Italian OCR Error Correction Sequence-to-Sequence Model

Model Details

This model represents the first version of an experimental sequence-to-sequence architecture designed specifically for the Italian language. It aims to correct approximately 93% of the errors generated by low-quality Optical Character Recognition (OCR) systems, which tend to perform poorly on Italian text. By taking raw, OCR-scanned text as input, the model outputs the corrected version of the text, significantly reducing errors and improving readability and accuracy.

Intended Use

Primary Use: This model is intended for use in processing and correcting Italian text that has been digitized using OCR technology.

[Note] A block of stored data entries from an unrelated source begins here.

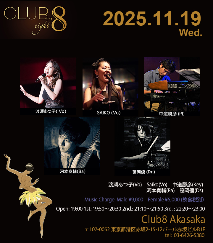 11/19(水) 渡瀬あつ子(Vo)Saiko(Vo)中道勝彦(Key)河本奏輔(Ba)笹岡優(Ds) Open: 19:00 1st.: 19:50〜20:30 2nd.: 21:10〜21:50 3rd. : 22: […] |
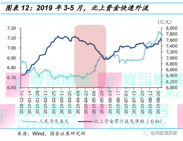 2019年3-5月,出于对贸易战下中美脱钩的担忧,外资在春季躁动中大幅流出。随后,人民币阶段性企稳后再度贬值。2019年3-5月,中美多轮经贸高级别磋商并未取得显著成果,反而中美双双提高关税税率。区别于2018年10月时摩擦在未来两月中快速缓和,此次在多轮谈判不顺后,市场对中美“脱钩”的担忧显著升温。2019年3月6日-5月31日,北上资金累计流出780亿元,人民币兑美元也大幅贬值3.0%。中美脱钩担忧对市场情绪的主导下,人民币的贬值一直延续到2019年10月,直至10月11日第13轮经贸磋商平复市场担忧。
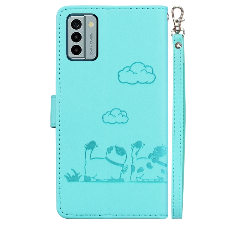 Funda de Cuero Rfid para Nokia G22 con Diseño de Gatos (Verde)
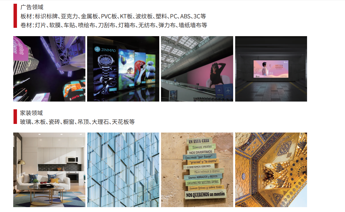 软膜、刀刮布、车贴等常见卷材,PVC、木板等板材
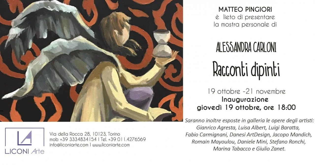 “Racconti dipinti” Mostra personale di Alessandra Carloni da giovedì 19 ottobre a martedì 21 novembre Inaugurazione giovedì 19 ottobre dalle ore 18:00 Alessandra Carloni è un'artista che ha dato voce ai suoi sogni dell'infanzia, ha creato un mondo dove i suoi personaggi, tratteggiati da poche pennellate di colore, idealizzano sentimenti. Il suo stile pittorico è immediato e piacevole, caratterizzato da linee talvolta spigolose, stemperate da gradevoli accostamenti di colore. In una prima fase della sua carriera, l'artista lavorava con una tavolozza caratterizzata da colori tenui, in seguito la gamma di tinte che la Carloni utilizza nei suoi lavori si è ampliata, ora vi è un'equa alternanza di colori freddi e caldi, ma la pennellata rapida e franta rimane una cifra stilistica dell'autrice. La galleria LICONI ARTE ha già avuto modo di far apprezzare al suo pubblico le opere dell'artista romana, in questa mostra sono presenti poche opere del passato e tante opere nuove, le quali sono il risultato dell'evoluzione della “maniera” dell'artista, frutto di riflessione e studio sulla tecnica, dopo le esperienze maturate anche con l'esecuzione di murales, molti dipinti in quest'ultimo anno, presso Torino, Settimo Torinese, Marsala, Valogno solo per citarne alcuni. Altra importante esperienza è stata la realizzazione del progetto grafico per il padiglione Lazio alla manifestazione VINITALY e la serie di opere realizzate per la mostra Cosimo, ciclo di dipinti ispirate alla fatica letteraria di Italo Calvino, “Il Barone Rampante”, della quale mostra sono presenti alcune opere. Alessandra Carloni, nasce a Roma nel 1984, dove vive e lavora. Si diploma all’Accademia di Belle Arti di Roma nel 2008 con la cattedra di Celestino Ferraresi e si laurea nel 2013 in Storia dell’arte contemporanea, presso l’Università “La Sapienza”. Dal 2009 inizia la sua attività di pittrice e artista, esponendo in personali e collettive a Roma e in altre città italiane. In questi anni ha partecipato a diversi concorsi, vincendo diversi premi e riconoscimenti ma, oltre a opere su tela o su carta l'artista si è da sempre cimentata nell'esecuzione di opere murali per committenze private o pubbliche a seguito della vincita di un bando, come nel caso del murales eseguito in piazza Conti di Rebaudengo a Torino nell'ottobre 2016. I principali murales di Alessandra Carloni si trovano nelle seguenti località: Castel Gandolfo (Roma), Castelsardo (SS),Dolo (Venezia), Firenze, Mantova, Milano, Ostia (Roma), Pavona (Roma),Roma, Rovigo , Savona, Settimo Torinese (To), Sulmona(AQ), Torino, Valogno (CE), Venezia.
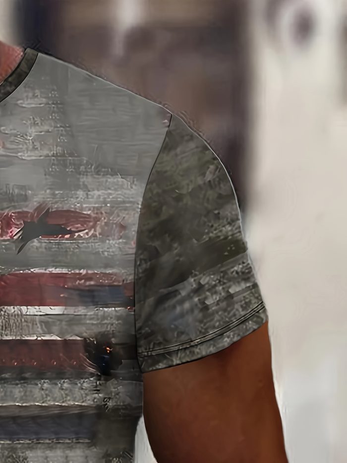 Home Men's T-Shirts Men’s Patriotic 3D Star Print T-Shirt – Distressed American Flag Design, Casual Short Sleeve Summer Tee, Lightweight Polyester Blend, Round Neck, Machine Washable, Outdoor Clothing | American Flag Tshirt | Stretchable Fabric
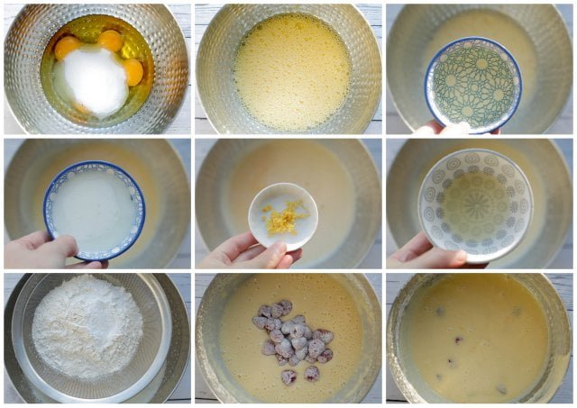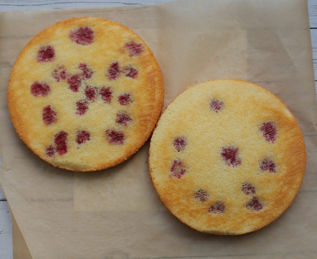 Neem 2 bakvormen met dezelfde formaat. Vet de bakvormen goed in en leg er een vel bakpapier op. Deel het beslag door twee (475 gram beslag per bakvorm). Voeg het beslag toe. Leg de frambozencake in een voorverwarmde oven op 160℃ en bak 25 minuten. Houd de baktijd zelf in de gaten, want elke oven werkt anders. Prik er met een satéprikker in om te kijken of de cake gaar is. Wanneer de prikker er droog uitkomt, is de cake klaar. |
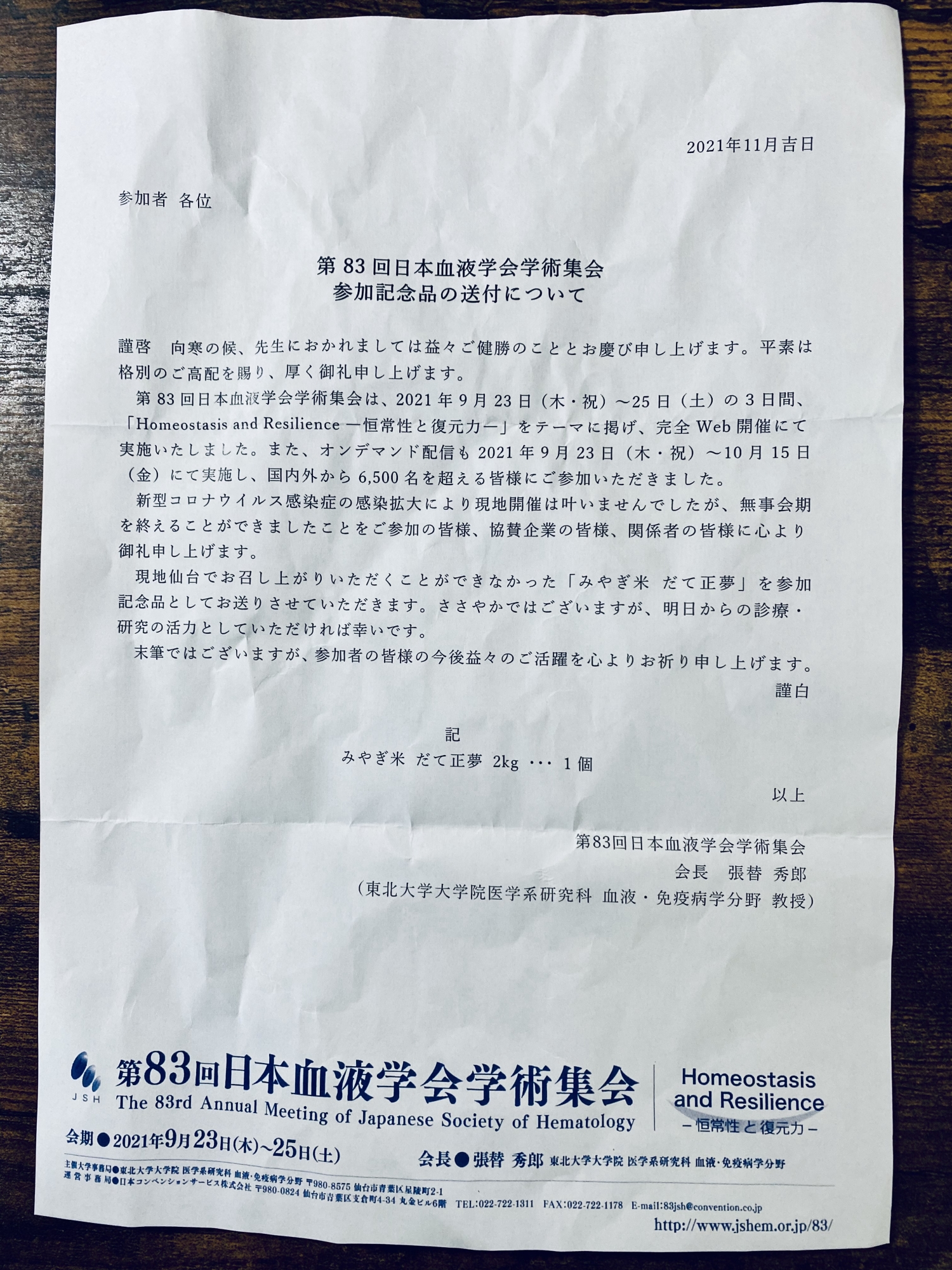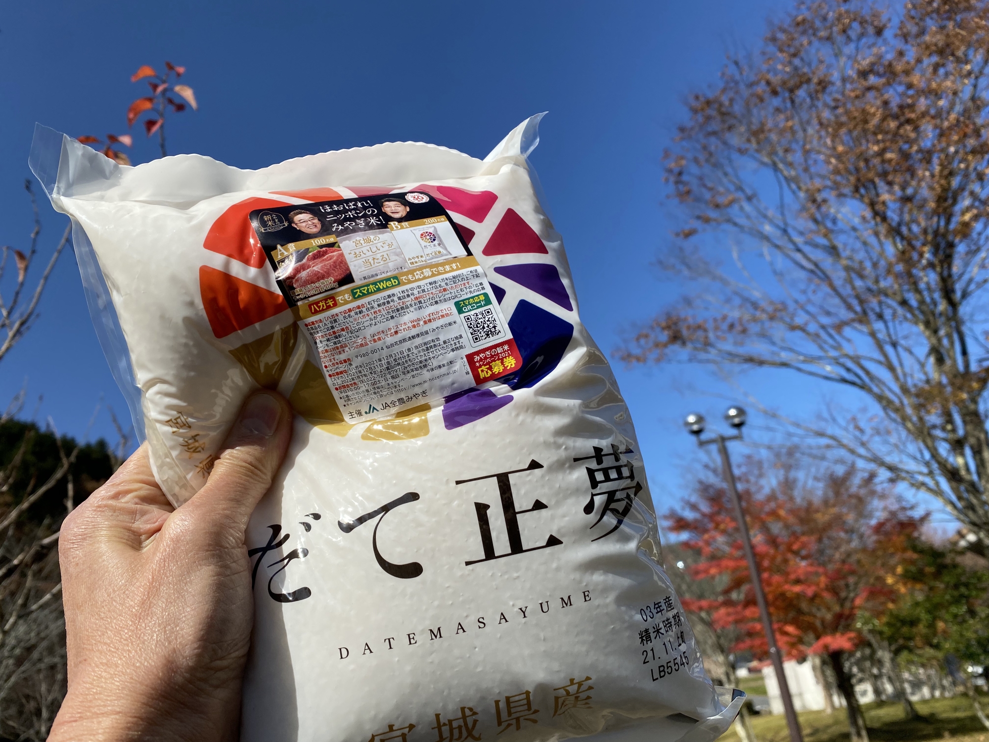 さて、昼間・・先月の日本血液学会・・・参加賞で、東北大の先生が会長でもあったので・・・なんと、「だて正夢」というお米が届きました。
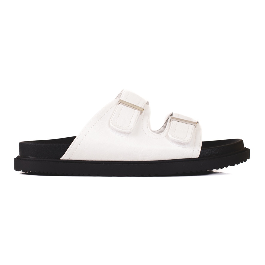 La suola con battistrada, realizzata in plastica, garantisce grip e durata adeguati, che le rendono una scelta affidabile per l'uso quotidiano. Un ulteriore vantaggio è la suola nera, che contrasta perfettamente con il colore bianco delle infradito, aggiungendo loro un tocco alla moda.
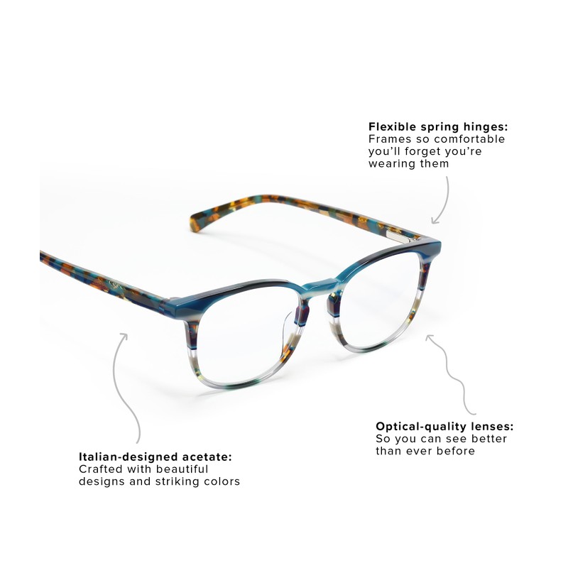 | Color: | Multi Stripes Front With Teal Tortoise Temples |
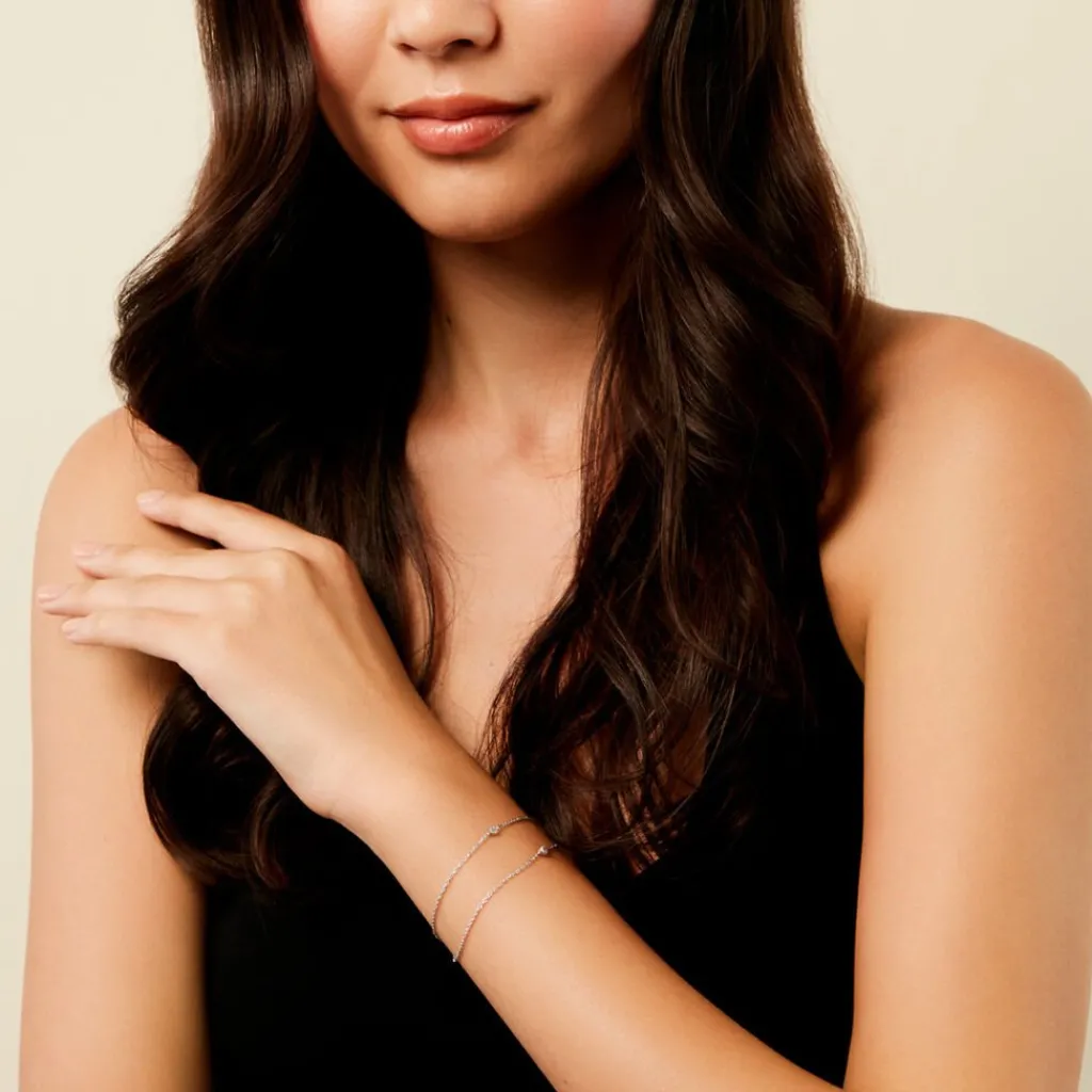Bracelet Argent Blanc 925/1000 Oxydes De Zirconium Entourage Perlé Double Rang Maille Forcat 16+3Cm
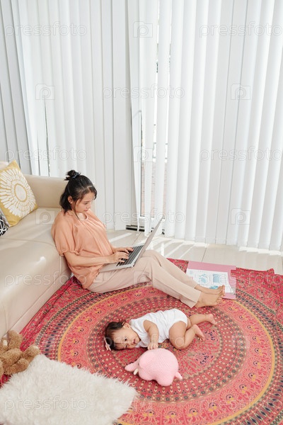 Молодая мать, работающая из дома
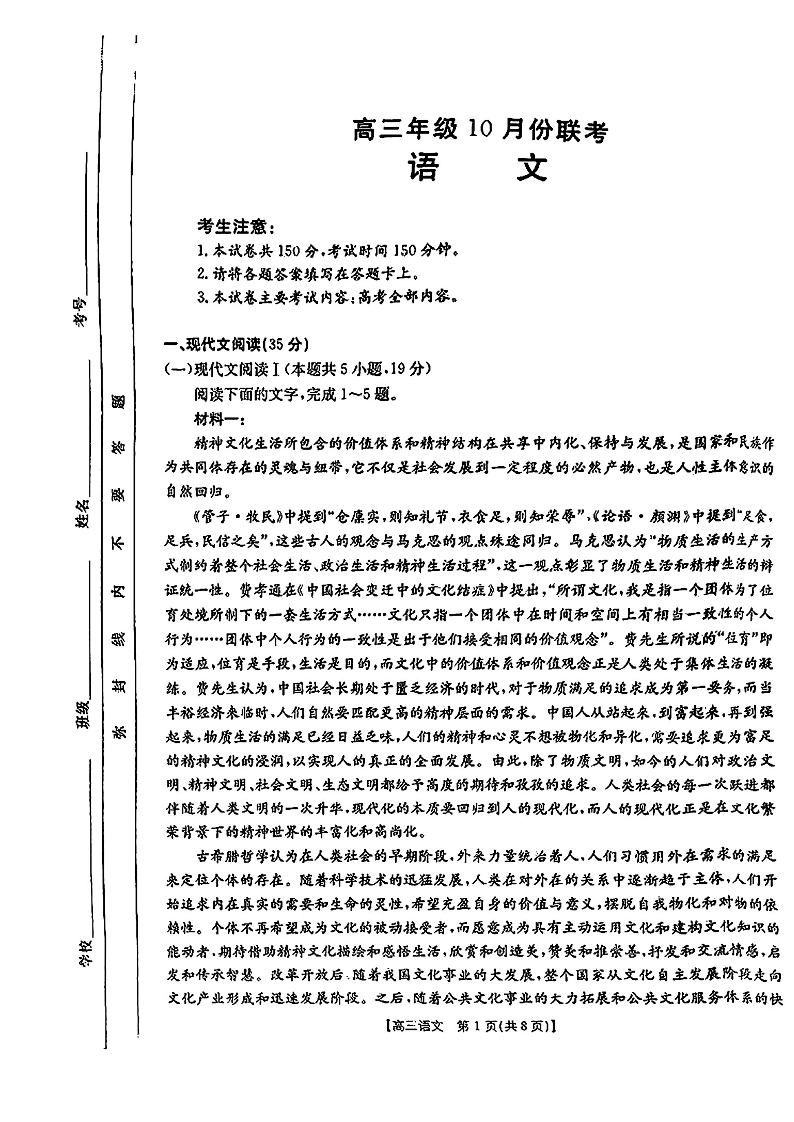 新疆维吾尔自治区片区2025届高三10月联考语文
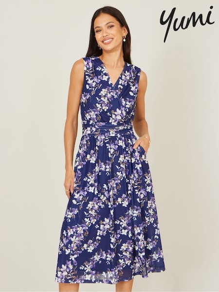 Yumi Blue Blossom Print Mesh Stretch Midi Dress With Pockets
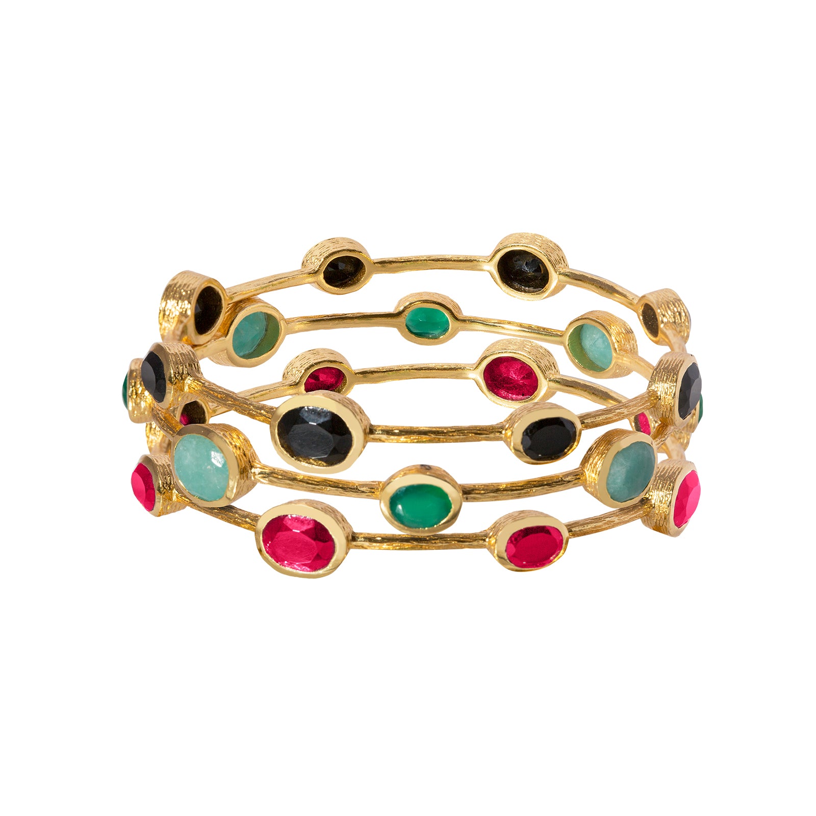 This bangle has been lovingly hand-made in India by skilled Indian artisans. It is hand-finished, made of Brass with natural Gemstones and 18k yellow real gold plating.
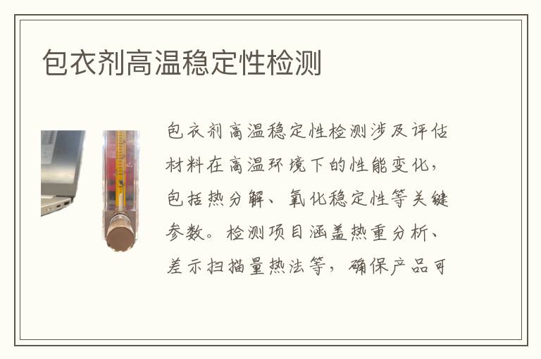 關鍵詞:包衣劑高溫穩(wěn)定性測試案例,包衣劑高溫穩(wěn)定性測試標準,包衣劑高溫穩(wěn)定性測試機構

It is particularly useful for texts scanned at low quality, where the OCR's error rate is noticeably high.
Users: It is designed for developers, researchers, and archivists working with Italian historical documents, books, and any digitized material where OCR errors are prevalent.

Limitations

While the model corrects approximately 93% of OCR errors, there may be certain types of errors or specific contexts where its performance could be lower.
The model is specifically trained on Italian text and may not perform well on texts in other languages or texts that include significant amounts of non-Italian languages.

How to Use

import torch
from transformers import AutoTokenizer, AutoModelForSeq2SeqLM
device = "cuda" if torch.cuda.is_available() else "cpu"
MODEL_NAME = "DeepMount00/OCR_corrector"

model = AutoModelForSeq2SeqLM.from_pretrained(MODEL_NAME).eval()
tokenizer = AutoTokenizer.from_pretrained(MODEL_NAME)
model.to(device)
my_text = "In un'epca lontnaa, un re goernava le sue tere con saggez2a e giustiia. Sotot il suo regno, il rgeno prosperava e la getne era flice. Ma un gionro, un drgoa feroce attcò il regno, semniando ditruzione e paurra tra i suoi abtanti."
inputs = tokenizer(my_text, return_tensors="pt").to(device)
outputs = model.generate(input_ids=inputs['input_ids'],
               attention_mask=inputs['attention_mask'],
               num_beams=2, max_length=1050, top_k=10)
clean_text = tokenizer.decode(outputs[0], skip_special_tokens=True)
print(clean_text)